Feathered Friends are Part of the Family
Can your pet tell you in plain English when it’s time to go to bed or when it wants to go on an adventure? Donna Dabeck’s pet can…
Jazzy is a 10-year-old umbrella cockatoo with a vocabulary of 250-plus words. And she’s not shy about using it. When it’s time for bed, she’ll announce, “Night.” And if you don’t respond, she’ll say, “Night. Up.” And if there’s still no response: “Night. Up. NOW!”
Donna, the nursing recruitment and retention manager for NorthBay Healthcare and her husband, Rick Novosad, rescued Jazzy four years ago from a family that just couldn’t keep her.
Rick, a retired wine industry quality specialist, worked as an animal trainer at a theme park when he was in college and has a real affinity for birds. “He knew within an hour she was trainable,” says Donna. She wasn’t so sure how comfortable she’d be with a cockatoo, but now Donna can’t imagine life without her.
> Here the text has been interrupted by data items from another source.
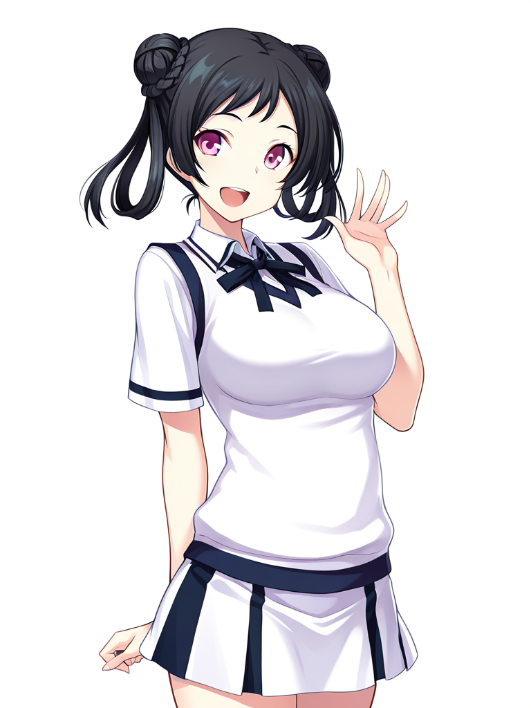 사야카: 마유즈미 사야카, 검은 머리, 낮은 트윈테일, 파란 눈,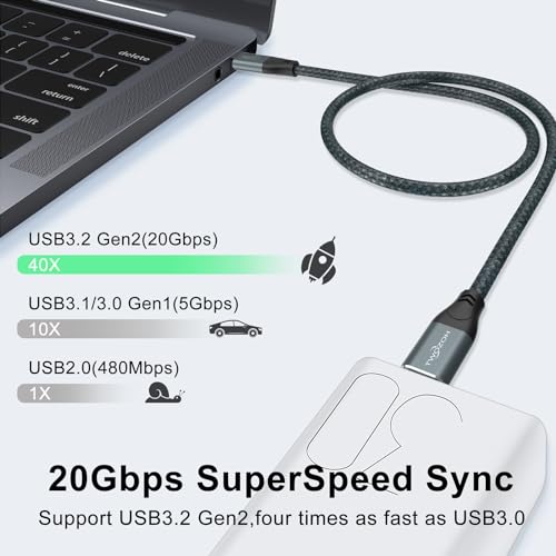 15フィートのUSB C - USB C 3.2世代ケーブルは、20Gbpsの超高速データ転送と最大100W PD/QC高速充電を同時に提供します。 オーディオ、4K@60Hzのビデオ信号をサポートし、ビデオ出力とUSB Cモニターを接続します。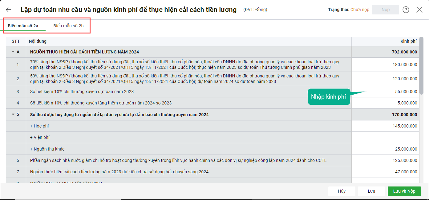 4. Thực hiện nhập kinh phí tương ứng với từng nội dung.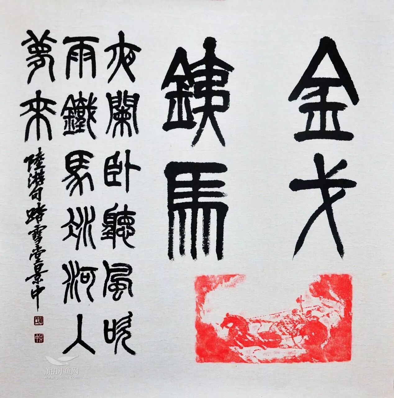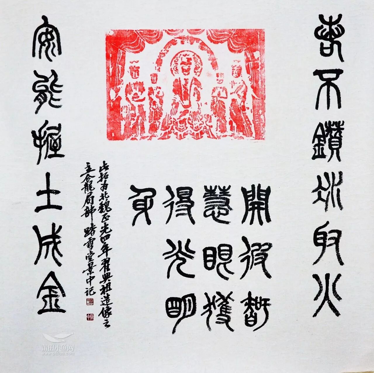 继“心经”展后,12月28日,莆田市书法家协会副主席黄景中的个人书法篆刻作品展“闲庭信步.肆”在镇海群众艺术馆拉开了帷幕。本次展览将持续一周(7天),展出黄景中老师近年创作的书法拓片作品50余件、篆刻作品50余方、陶瓷作品10件,是一次艺术家艺术水平的较全面展示。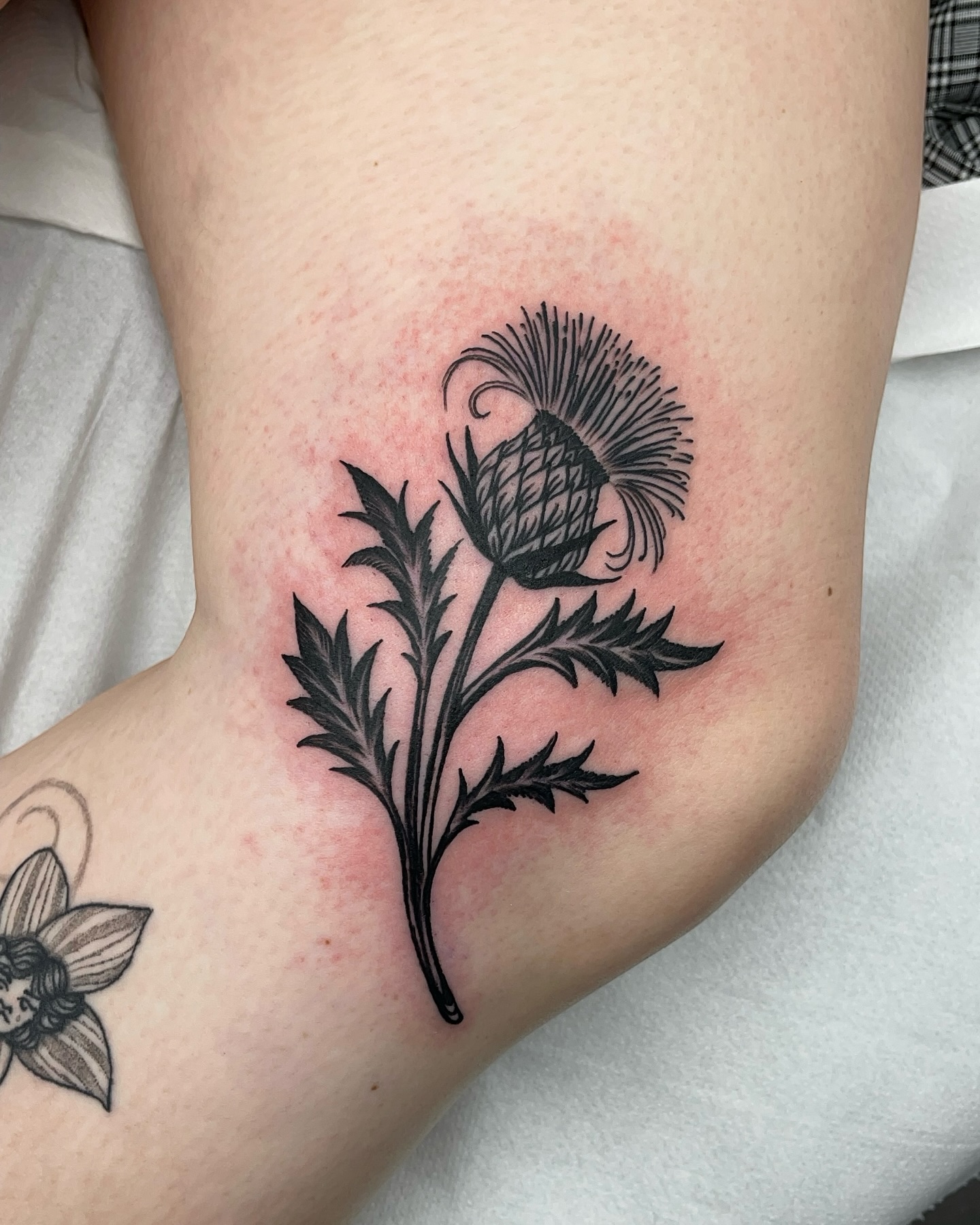 🌶️spicy🌶️inner side knee thistle for amazing Cassandra😁✨ thanks a lot! Taking bookings now, DM your enquiries. . . . Petra BaburkovaOctober 16, 2025Petra-C
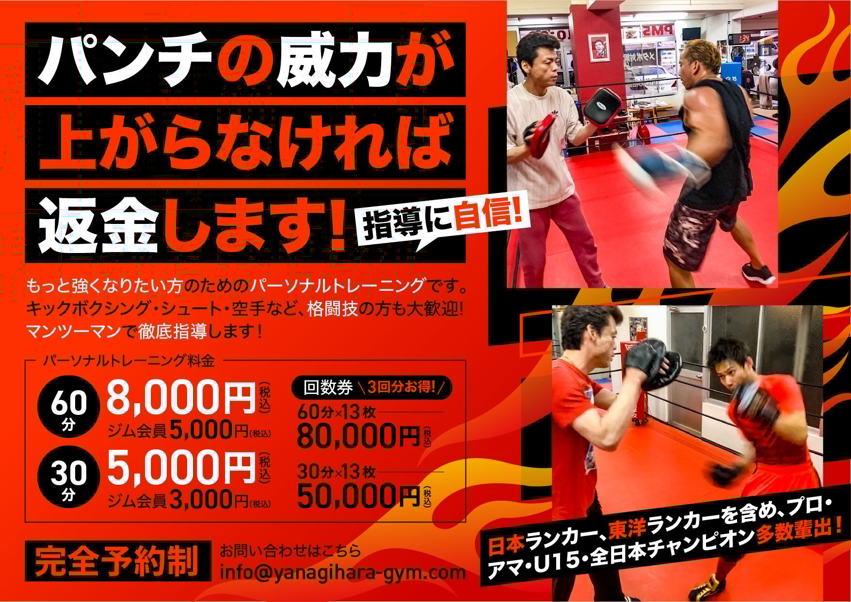 YANAGIHARA GYM小倉駅から徒歩6分月曜日~金曜日:11:00~21:00 土曜日:11:00~20:00 定休日:日曜日・祝日・その他試合開催日等プロ・アマ選手育成から一般・キッズまで対応する小倉のボクシングジム。現役スタッフによる個別指導でパンチ力向上やダイエットを支援し、リングやサンドバッグ等のプロ仕様設備で本格トレーニングが可能です。トレーニング単価(税込) -入会金(税込)5,500円〜月会費(税込)-公式サイトを見るプラントレーニング単価(税込)総額(税込)回数時間期間月額制一般女性-¥8,800--最低1ヶ月他10件のプランを見る

There were a number of time-outs in the beginning to get Jazzy to stop biting. But now she’s good with strangers, especially children, and loves to go on “adventures” to meet people. “Cockatoos are very social creatures,” explains Donna. “When I get out her harness and a special outfit, she gets very excited.”
Jazzy has been known to dress in NorthBay colors and special T-shirts and attend public events, posing with pride for the cameras.
Since her life expectancy is 70, Donna and Rick have had to make plans for her future. “She’s going to outlive us, and we don’t want her to be alone.” So last year they started looking for another bird. Along came George, another umbrella cockatoo.
“We had to take Jazzy to Modesto to meet George, and then we asked her if she wanted us to take George home. She said, “Yes!”
“When we put them to bed at night, each one has their own cage, but they’re side-by side, and we wrap the cages together,” says Donna. “As you walk away from the room, you can hear Jazzy say, ‘’Night, George.”’
But before anyone can go to bed, there’s the nightly ritual of singing, “The Hokey Pokey,” and dancing around the house. “It helps the birds get rid of some energy and start to settle down,” explains Donna.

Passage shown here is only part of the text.